Es una combinación difícil. Colombia necesita gastar más en reconstrucción, infraestructura y seguridad precisamente cuando sus cuentas públicas exigen mayor disciplina. Ahí aparece quizás la primera gran prueba para De La Espriella: establecer prioridades. No todo puede resolverse con más presupuesto, como tampoco todo puede solucionarse recortando gasto. El verdadero desafío será identificar qué gastos puede reducir el Estado sin afectar derechos ni servicios esenciales y, al mismo tiempo, dirigir recursos hacia aquellas inversiones capaces de producir empleo, crecimiento y bienestar.

Pero reconstruir Colombia significa algo más que levantar viviendas, reparar carreteras o recuperar hospitales. Hay territorios donde el Estado históricamente ha llegado tarde, de manera precaria o simplemente no ha logrado permanecer. En esos lugares, una carretera nueva sirve de poco si continúa dominada por organizaciones criminales; y recuperar militarmente un territorio será insuficiente si después no llegan justicia, educación, salud, empleo y oportunidades. Por eso, la seguridad, una de las principales banderas del presidente, tendrá que demostrar resultados sin convertirse en la única respuesta del Estado. Autoridad y desarrollo no deberían plantearse como opciones contrarias. Colombia necesita ambas.

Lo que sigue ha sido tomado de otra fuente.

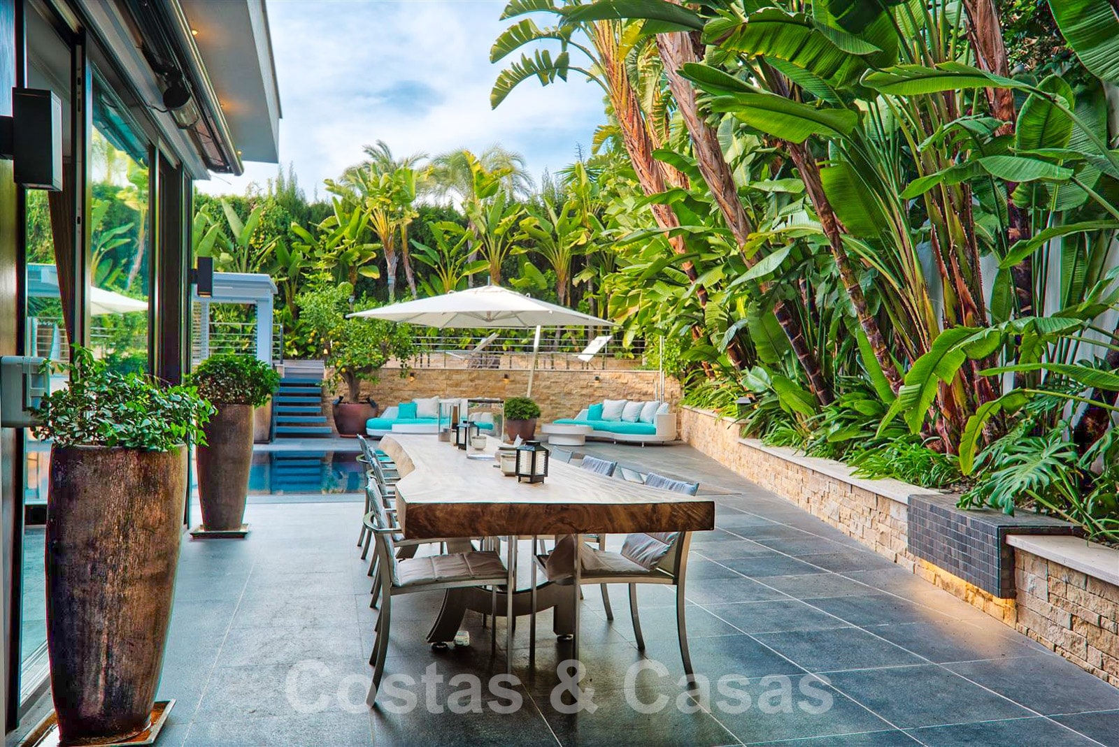 Vaste terrasse autour de la piscine avec beaucoup d'espace pour les chaises longues, les installations de salon et une salle à manger en plein air.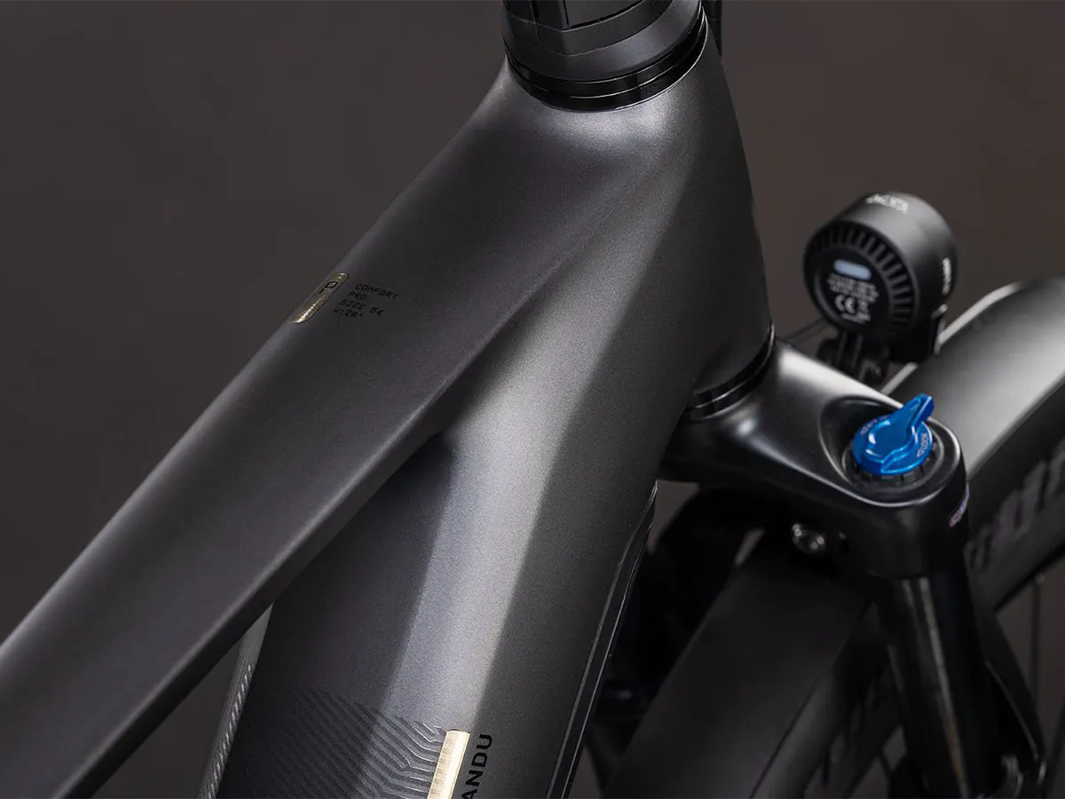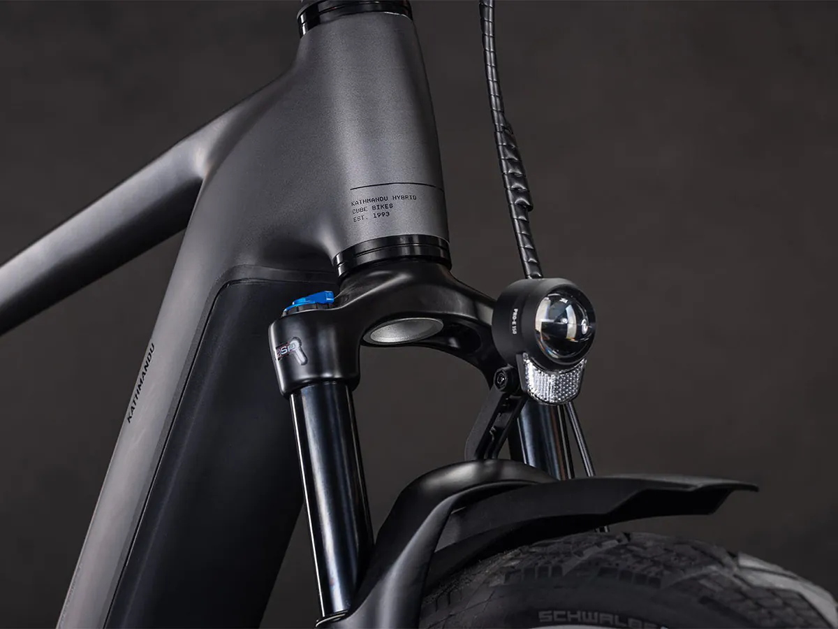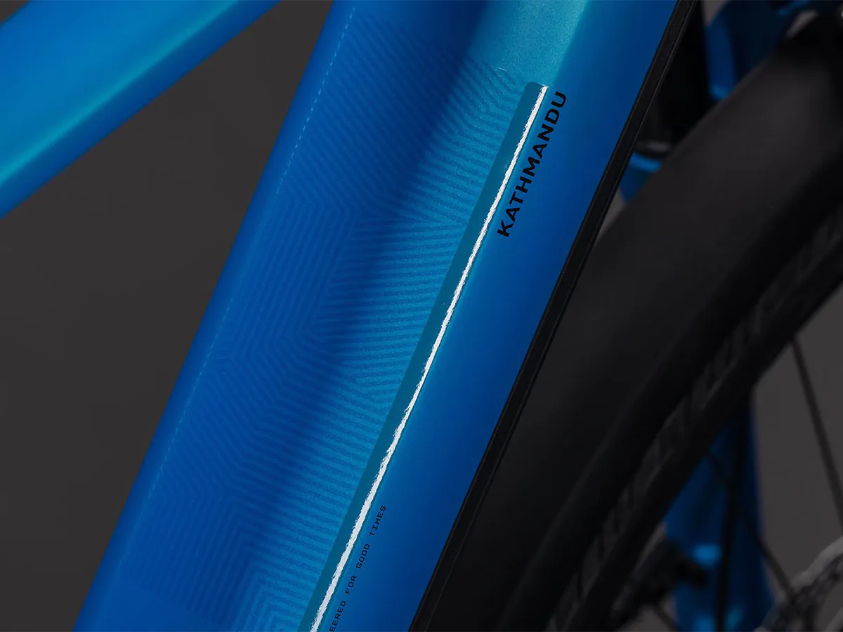 Het ontwerp van de CUBE Kathmandu Hybrid is klassiek elegant, maar zit desondanks vol slimme innovaties en doordachte details. De fraai in het frame geïntegreerde Bosch CX-motor en 800 wattuur PowerTube-accu vormen de basis. Weggewerkte kabels dragen bij aan de strakke lijnen van het frame. Onze befaamde Efficient Comfort-geometrie is ontwikkeld rondom een voorvork met 100 millimeter veerweg. Dat betekent dat je zelfs op ruwe wegen kunt rekenen op maximale controle. Praktisch: de UDH-achterpat is niet alleen degelijk, maar ook toekomstbestendig. En dankzij de geïntegreerde IC 3.0-bagagedrager kun je alles meenemen wat je voor je avonturen nodig hebt.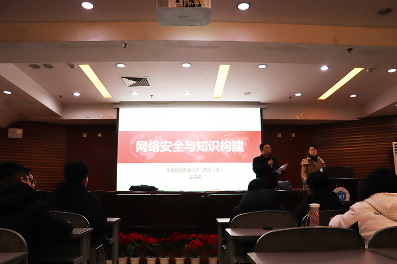 讲座由学院党总支书记张仕斌主持,特邀了中国信息安全测评(四川)中心副主任兼四川省信息安全行业协会副会王丹琛博士作为主讲人,18级-16级信息安全专业学生认真聆听了本次讲座。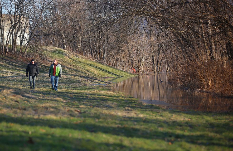 Chuck Keller (left), from Fort Thomas Kentucky, and Jeremy Shannon, from Southgate, Kentucky, walk near the Licking River Greenway and Trails next to the Licking River in Covington, Kentucky. In addition to point pollution sources, non-point pollution like grass fertilizer runs off into the river as well. (Credit: Leigh Taylor/Eye on Ohio)

También existe otro desafío menos visible, reconstruir confianza. De La Espriella ganó la Presidencia en un país políticamente dividido y deberá gobernar también para quienes no votaron por él. Su capacidad para construir acuerdos sin renunciar a sus convicciones será fundamental. Gobernar no significa abandonar principios, pero tampoco convertir cada diferencia en una batalla. Sería injusto responsabilizar al nuevo Gobierno de problemas acumulados durante décadas. Pero también sería equivocado permitir que la herencia recibida se convierta durante cuatro años en explicación para todo aquello que no funcione. Cada gobierno recibe dificultades y oportunidades. Al final, la historia no suele juzgar únicamente lo que un presidente encontró, sino lo que hizo con aquello que encontró.

El presidente tiene frente a sí un reto enorme. Puede limitarse a administrar la emergencia y confrontar adversarios, o puede intentar algo mucho más difícil, reconstruir infraestructura, ordenar las finanzas, recuperar territorios y reconciliar a un país cansado de dividirse entre vencedores y derrotados. Quizás esa sea la verdadera reconstrucción que Colombia necesita.